The purse doesnt have a white lining, it's black fur and even has a hook for attaching the collar to. It's just white in the photo cos i put a puppy pad in case he cant hold it in lol


----------



## kellie (Jan 22, 2008)

How cute, chico looks adorable in all the new clothes!!!


----------



## Guest (Feb 12, 2008)

thank you kellie


----------



## pompom (Oct 1, 2007)

Yes i bought a dress off of her! its lovely


----------



## Guest (Feb 12, 2008)

and it helps that she is such a lovely person, so friendly and thoughtfull.(creep lol)
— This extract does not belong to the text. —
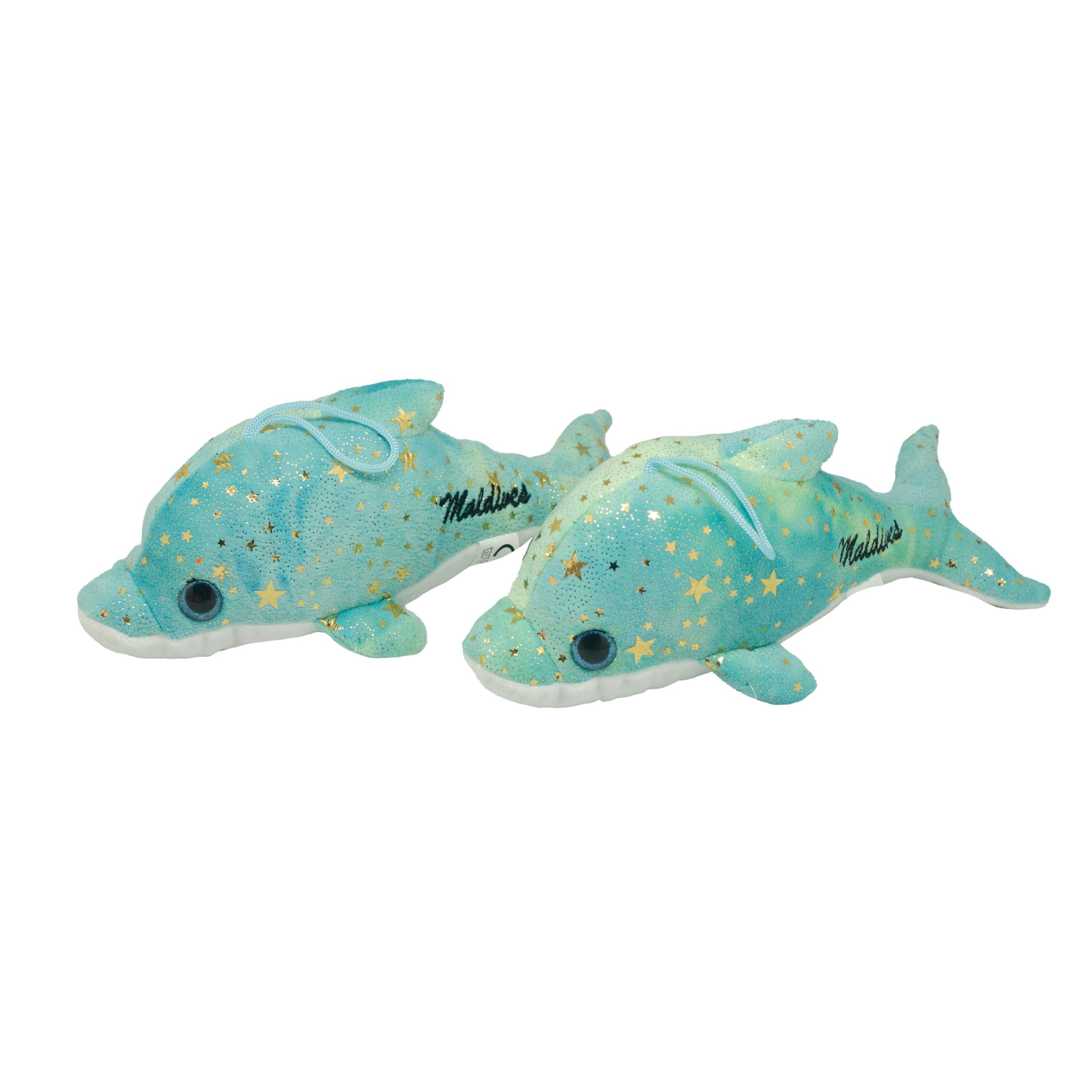 SOFT TOYS DOLPHIN W/GOLD STAR 2 GREEN/PINK 25CM

as are you too of course pompom!


----------



## pompom (Oct 1, 2007)

Lol Thankyou Janie  so are you !


----------



## kimmiek915 (Oct 4, 2005)

I LOOOVE LOOVE LOVE the bag and the cute outfits!! That's so awesome!


----------



## Maleighchi (Jan 6, 2008)

Woohoo Chico!! I LOVE the purse!! And Chico's new outfits are soo super cute!!


----------



## freedomchis (Jul 28, 2007)

i love all his clothes and the bag is too die for but my fav is his green jumper how cute does he look in it
i love seeing chicco pics as he is one hot looking chihuahua keep them coming


----------



## DlTobin (May 15, 2007)

GIRLLLLLLL your gonna have KOOL AID coming out of your ears!!! LOL LOL
I think I sent like every thing BUT Watermelon I think thats the one I remember you didnt like...LOL

NOW the pics......GIRLS....Women of Chihuahua people I think that the "smack down" has been "smack downith" with the attire of Chico.
I dooooooo believe that right now....on this day at wait let me look 1:45...my Mabelline...*sniff* sniff*.....is BOARDLINE mind you....a rag~a~muffin. GASP!
I feel then need to shop!
Now....I do want that bag girl and since we live so far apart lol I feel I would not be stepping on your style I was looking...where can these items be bought?


----------



## pompom (Oct 1, 2007)

What is cool aid?


----------



## DlTobin (May 15, 2007)

its a flavor drink honey...um its dry in a package and you have to add sugar and water and mix.
Comes in all kinds of flavors.
I guess yall dont have it over their and me and a couple of people on here have sent /enroute Kool Ade to IWAC


----------



## ~*Jessie*~ (Aug 8, 2007)

Awww, Chico is such a gorgeous boy! Great pics


----------



## Prosephone (Oct 2, 2005)

Awe he looks stunning! 

And thanks you so much for all the wonderful compliments. You are a dear!


----------



## melonypersians (Jan 3, 2008)

omg chico is getting so big. he is absolutely adorable. i love his little face and ears are standing. too cute. i love the bag and the coat with the fur on it. very cute. i need to go and look at her site. does she do custom sizes. little makayla is so tiny i just cant find anything for her to wear.


----------



## Milo 07 (Feb 3, 2008)

Love all your pics!!!! I really like the plaid coat!!! The purse is sweet!!! Was it a good price?


----------



## Prosephone (Oct 2, 2005)

The purse goes for $19.99 in my store...


----------



## Prosephone (Oct 2, 2005)

I do carry XXS and can special order some XXXS items as well...


----------



## Guest (Feb 13, 2008)

The purse is just the best quality, it really looks like it cost far more than it does. In the uk that would cost us at least $90 for something as nice as that.
I got the coffee one as I am a starbucks fan lol.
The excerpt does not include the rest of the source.